Now consider Canon Sakura: one of the greatest medics alive, with multiple demanding specialties, in three years. Consider: she wouldn't get very far making new remedies without a very good understanding of biochemistry, not to mention skill in a battlefield setting. In addition, Sakura manages to become a worthwhile, if not S-ranked, combatant. This girl is annoying, definitely, but far from useless or hopeless. Oh, and all of this is young adolescence. Canon Sakura has potential; it's just that the character of every female in Naruto is massacred, with the possible exception of Konan.
Since Kakashi didn't have to step in, and was so ridiculous after, the demon brothers thought the entire team were genin. The response of the survivor was a mixture of pity and a mentality known as 'spare the aces' on TvTropes.

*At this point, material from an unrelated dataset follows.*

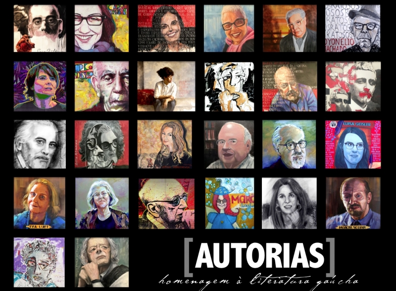 Abre nesta sexta-feira (1), na Galeria Escadaria, ao ar livre, no Viaduto da Borges de Medeiros, no Centro Histórico da Capital, a exposição Autorias. A mostra coletiva de 18 pintores é uma homenagem das artes visuais à literatura produzida no Estado. O grupo exibe retratos inéditos de 26 importantes autores gaúchos.
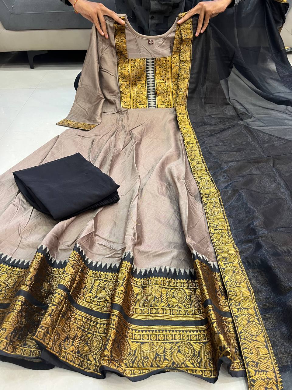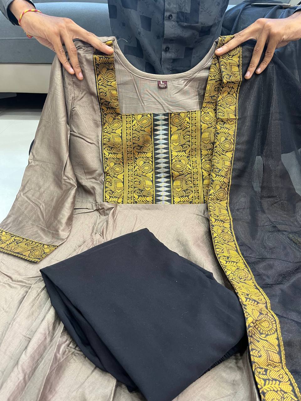 Anarkali Flared Banana Silk Kurti Pant Dupatta Set|| SA725-941

Sorry this took so long to get out, real life reared its ugly head, and I've been writing Harry Potter fanfics obsessively. Unfortunately, I will get three pages into a great idea before it devolves into mary sues...
Please tell me if anyone found the D-ranks funny or just weird or whatever you think; in real life my sense of humor tends to be somewhat esoteric. Of course, many people laugh when I'm merely being passionate.
Many, many thanks to 21383013543330 who gave me some very helpful constructive criticism that led to a semi-major rewrite of the last chapter. I love criticism. Can't get enough of it.